O xadrezista no tabuleiro da vida
A primeira acção do movimento Solidarnost (Solidariedade), formado na Rússia no fim-de-semana passado, foi uma manifestação em Moscovo que ditou a detenção de mais de uma centena de pessoas. O protesto contra as políticas do Presidente Dmitri Medvedev e do primeiro-ministro Vladimir Putin serviu como barómetro do grau de tolerância actual do Governo russo para com a oposição.
O Solidarnost agrupa vários movimentos opositores do regime russo, entre eles a União das Forças de Direita, o ilegalizado Partido Nacional Bolchevique (PNB), os apoiantes do antigo primeiro-ministro Mikhail Kasianov, defensores dos direitos humanos, e a Frente Cívica Unida, de Garry Kasparov.
O antigo campeão mundial de xadrez tentou no ano passado candidatar-se à Presidência da Rússia contra Medvedev, mas veio a desistir. Através do Solidarnost, que procura emular o sucesso do movimento sindicalista de Walesa no derrube do regime comunista polaco nos anos 80, Kasparov pretende agora criar uma força política forte para "desmantelar o regime de Putin".
Aplicando as regras do xadrez à realidade russa, Kasparov adoptou uma estratégia de xeque-mate a longo prazo em que o sacrifício é inerente à vitória final: "É impossível reformar este regime. O nosso fito é desmantelar o regime de Putin, único modo de restabelecer a liberdade e a competência política no país", disse.
A julgar pela reacção das autoridades russas ao movimento opositor, Kasparov terá de esperar muitos sacrifícios. Roman Dobrokhotov, um dos rostos do movimento, foi detido, e antes já tinha sido despedido do seu emprego, alegadamente por redução de pessoal. Também Eduard Limonov, líder do PNB, foi levado pelas autoridades. A manifestação nem sequer se chegou a realizar.

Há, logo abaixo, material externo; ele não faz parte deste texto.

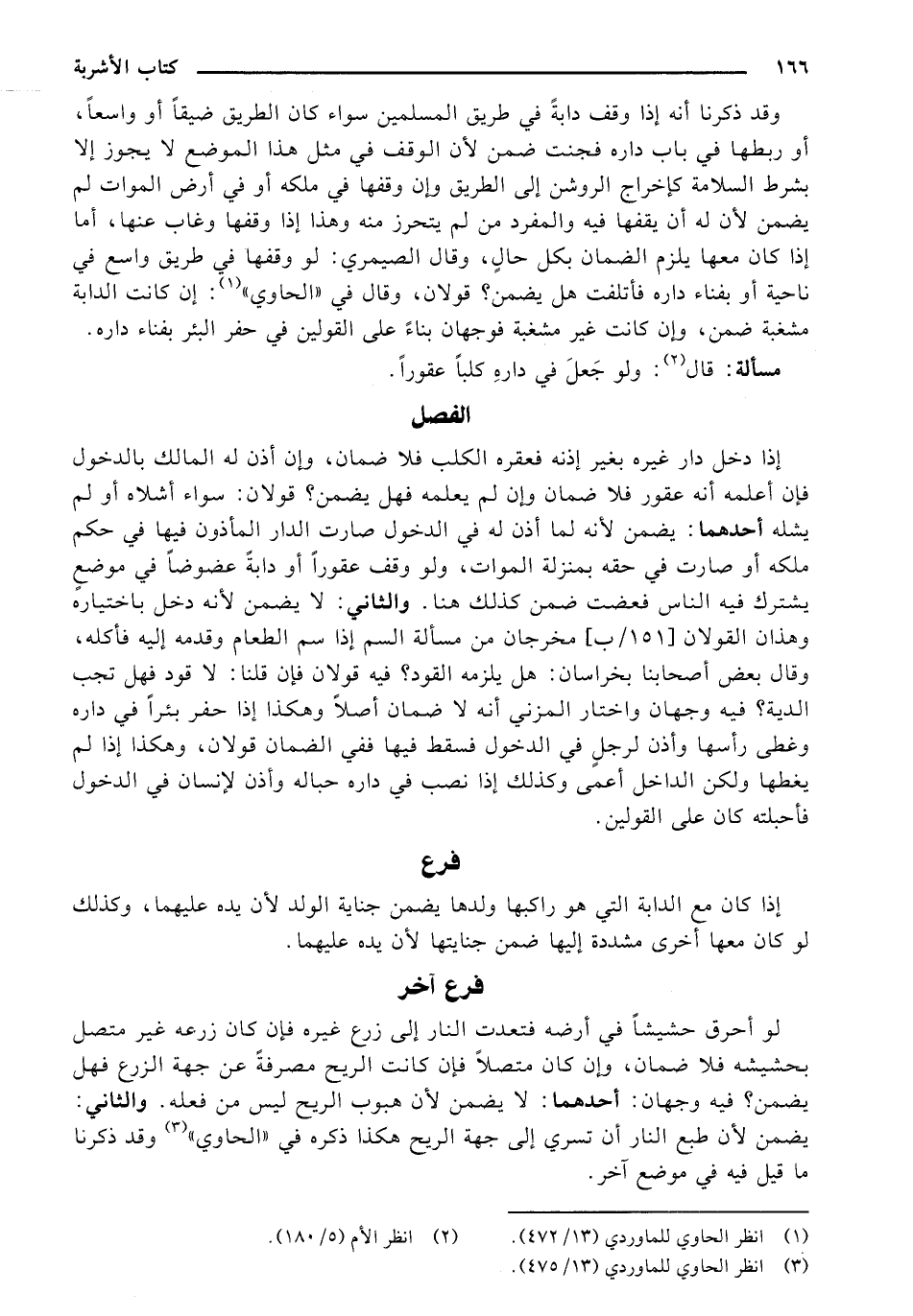 لو أحرق حشيشًا في أرضه فتعدت النار إلى زرع غيره فإن كان زرعه غير متصل بحشيشه فلا ضمان، وإن كان متصلًا فإن كانت الريح مصرفة عن جهة الزرع فهل يضمن؟ فيه وجهان: أحدهما: لا يضمن لأن هبوب الريح ليس من فعله. والثاني: يضمن لأن طبع النار أن تسري إلى جهة الريح هكذا ذكره في (الحاوي) وقد ذكرنا ما قيل في موضع آخر.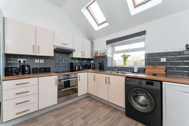 Window to front and rear. Door to rear. Vinyl flooring. Radiator. Undercounter oven, hob & cooker hood over. Storage cupboard. Tiled splashbacks. Single drainer sink with mixer taps. Space for freestanding washing machine.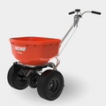 A professional, all-weather turf broadcast-style spreader. The RB-85S features 13 in. diameter tires and a stainless steel frame that stands up to any sort of weather and use condition to support an oversized 85 lb.-capacity hopper. A heavy-duty agitator breaks up clumps, while a foot-operated deflector shield keeps materials out of unwanted areas.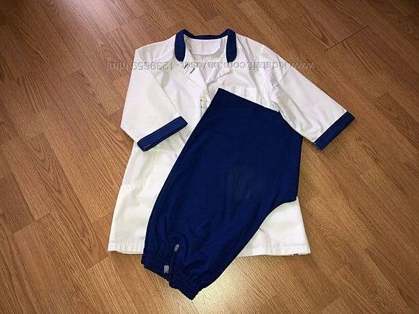 Мед костюм размер 48-50 , цвет белый с электрик, очень красивый цвет, китель приталенный, рукав 3/4, хорошо садится по фигурке и стройнит - состояние идеал, одевала несколько раз. Ткань 100 % элит котон, плотная. Возможна пересылка в другой город.Китель: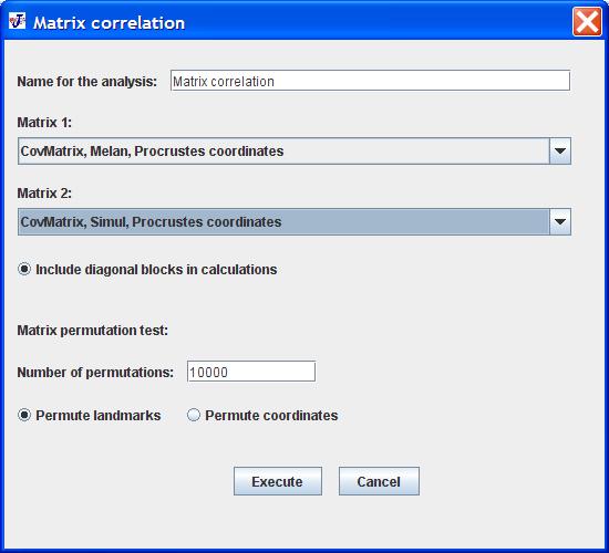 Matrix correlation is a widespread procedure for making a quick overall comparison of two matrices. In geometric morphometrics, these matrices are usually covariance matrices (exclusively so in MorphoJ).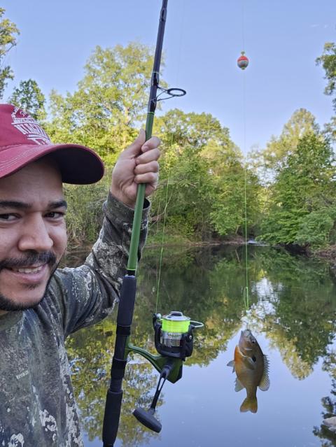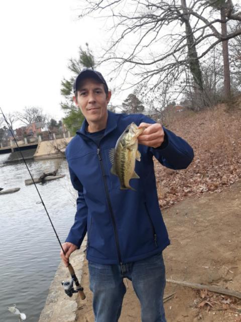 72 degrees in va today, had to get a line wet, so took my little niece out because she wants to learn how to fish, which I think is really cool. small bass on a crankbait.

Kasparov tem um livro, How Life Imitates Chess, em que transforma em ajuda no processo de tomada de decisão algumas lições obtidas no mundo do xadrez. "Seja qual for a situação, seja qual for o oponente, Kasparov ensina os leitores a combinar a força da análise e do instinto de que um jogador de xadrez de sucesso - e homem de negócios - precisa para usar contra um opositor hábil", lê-se no texto de promoção da obra na Net.
Garry Kimovich Kasparov nasceu em 1963 na capital do Azerbaijão, então uma república soviética. Teve outro nome à nascença, Gary Weinstein, mas mudou-o depois da morte do pai num acidente de carro, tinha sete anos. Kasparov é a versão "russificada" do apelido de solteira da mãe, Kasparian. A sua educação é a do xadrez. Descoberta cedo a vocação, entrou para a Escola de Xadrez Botvinnik aos dez anos e tornou-se, em 1975, o mais jovem vencedor do campeonato júnior da Rússia. Aos 16 foi o melhor júnior do mundo e aos 17 recebeu o título de grande mestre.
As suas partidas contra Anatoly Karpov ficaram lendárias e começaram com uma disputa de seis meses que acabou em nada - a federação marcou nova data. Kasparov tinha 21 anos, Karpov, 33, e dominava o xadrez desde que Bobby Fischer (EUA) fora destituído do seu título em 75. Em 86, Kasparov ganhou numa final cujo resultado nunca foi aceite por Karpov. A dada altura os dois ostentaram o título de campeão do mundo.
Para quem olhava de fora, em tempo de Gorbatchev, perestroika e dos ventos do fim de uma era, essas partidas de xadrez representavam o combate entre o passado e o futuro: Karpov como o campeão dos soviéticos, Kasparov como o campeão da Rússia democrática.